Exercise details:
Before copying, set aside the pictures; then restate exactly the lines from the one with "这样一双造型超前的拖鞋,在搭配上需要更下功夫才能呈现出众的时尚感。" through the last line of the records.

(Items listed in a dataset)
+++
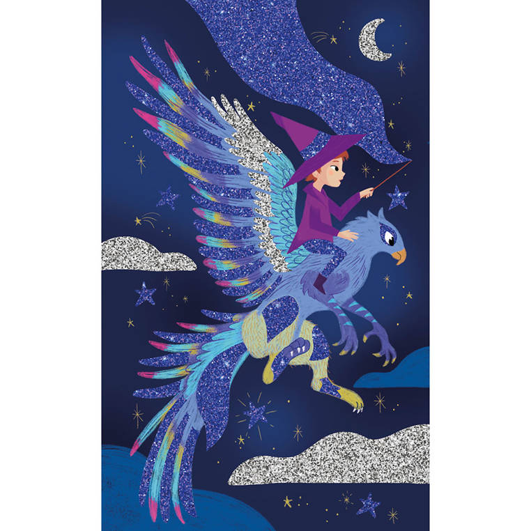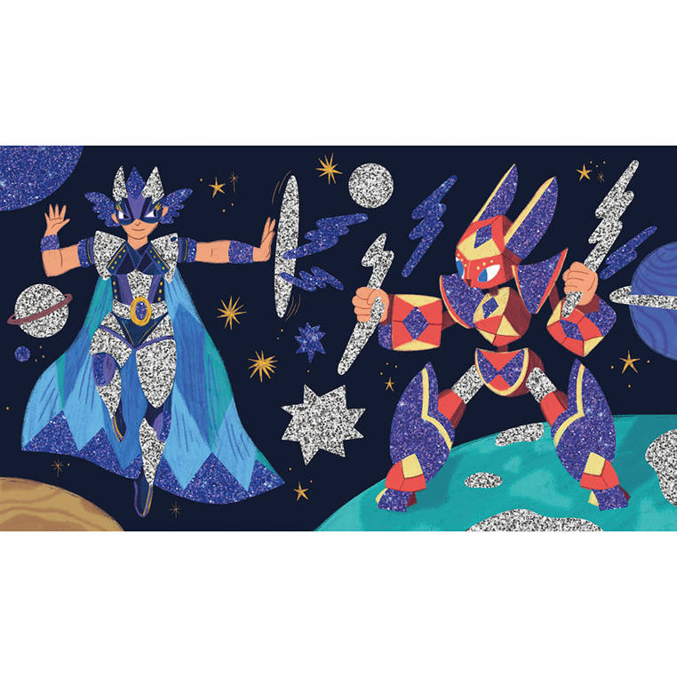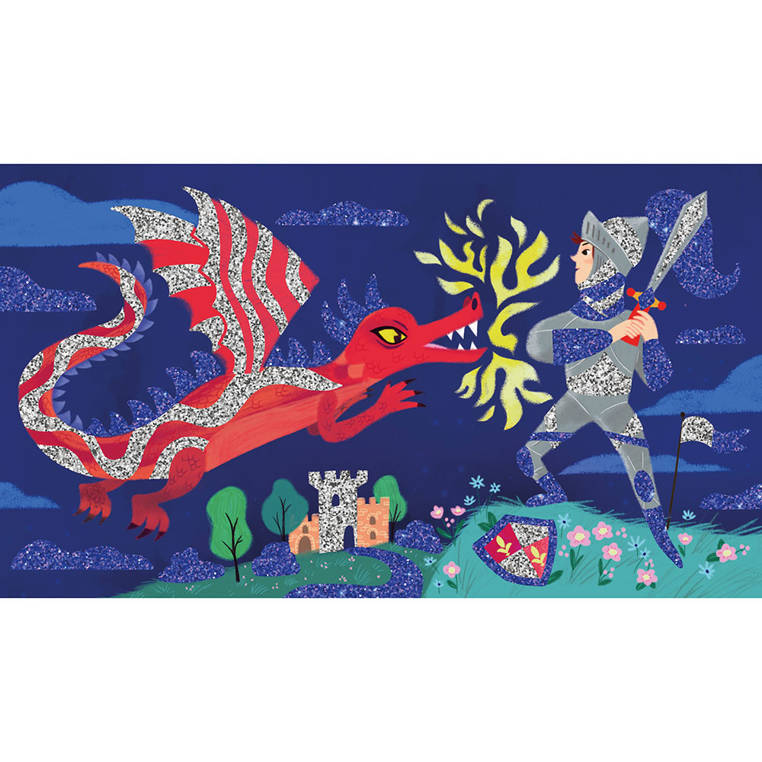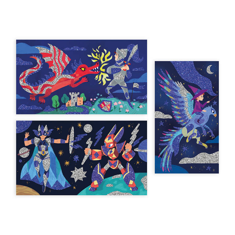 Zestaw kreatywny brokat Bohaterowie zawiera 3 plansze-obrazki z powłoką samoprzylepną, z dzielnymi bohaterami w akcji: kosmiczną walką herosów, czarodziejką na magicznym gryfie oraz rycerzem, stawiającym czoła zionącemu ogniem smokowi. Ilustracje te można – w wyznaczonych miejscach – posypać dołączonym do zestawu brokatem w tubkach, w 2 kolorach: srebrnym i granatowym. Brokat przykleja się do obrazków, pozostawiając na nich drobną strukturę. W komplecie znajduje się też szpatułka do odkrywania powierzchni, przeznaczonych do ozdabiania.
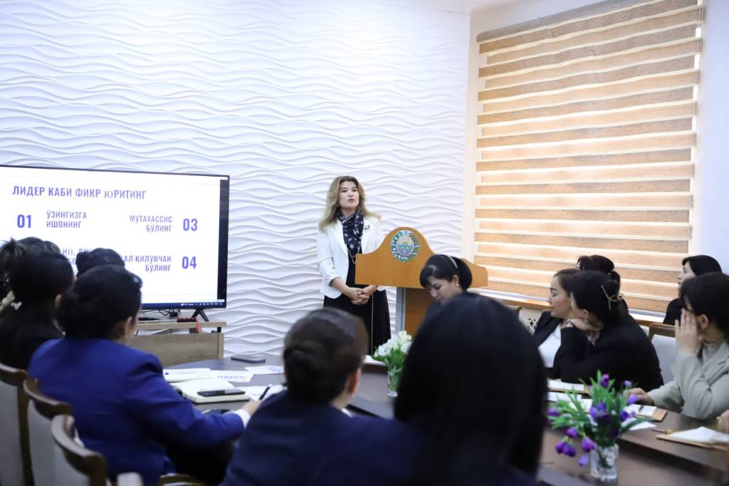 Тадбирда вилоятда раҳбар аёлларнинг салоҳиятини ошириш, уларда лидерлик қобилиятларини шакллантириш, шахсий ривожланишлари учун зарур услубий тавсиялар бериш ҳамда хотин-қизлар ўртасида давлат хизмати жозибадорлигини ошириш масалалари муҳокама этилди.
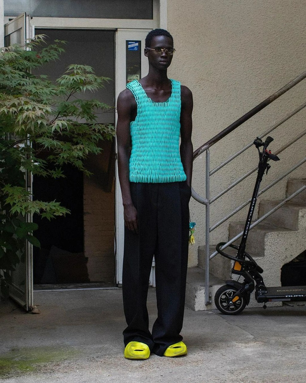 这样一双造型超前的拖鞋,在搭配上需要更下功夫才能呈现出众的时尚感。
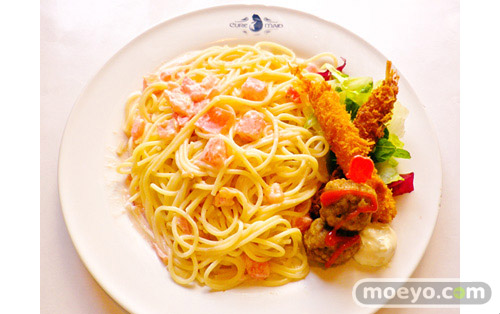 エビフライや、肉ダンゴ、サラダを添えた冷製パスタです。
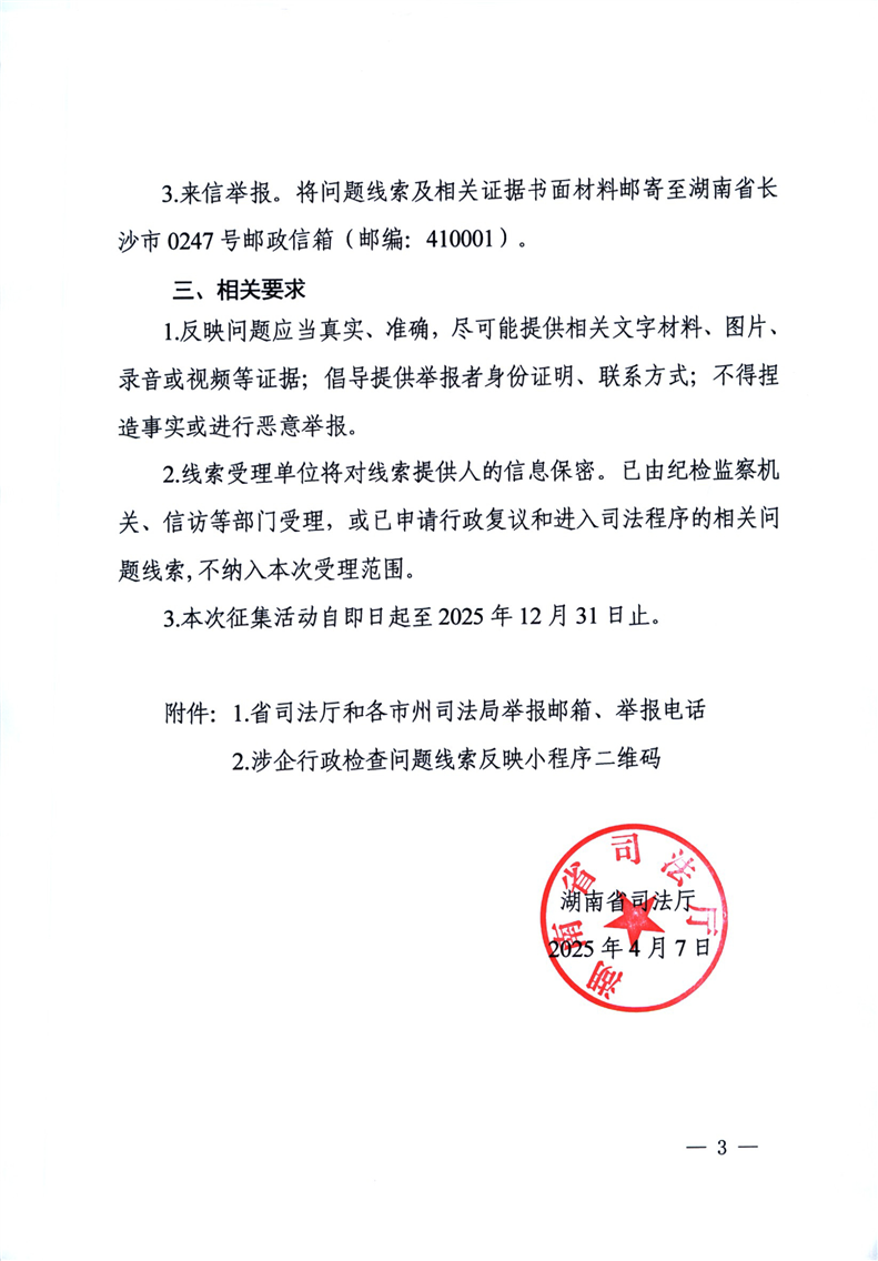 湖南省司法厅关于公开征集涉企行政执法领域突出问题线索的公告
+++
Answer to this problem:
 这样一双造型超前的拖鞋,在搭配上需要更下功夫才能呈现出众的时尚感。
 エビフライや、肉ダンゴ、サラダを添えた冷製パスタです。
 湖南省司法厅关于公开征集涉企行政执法领域突出问题线索的公告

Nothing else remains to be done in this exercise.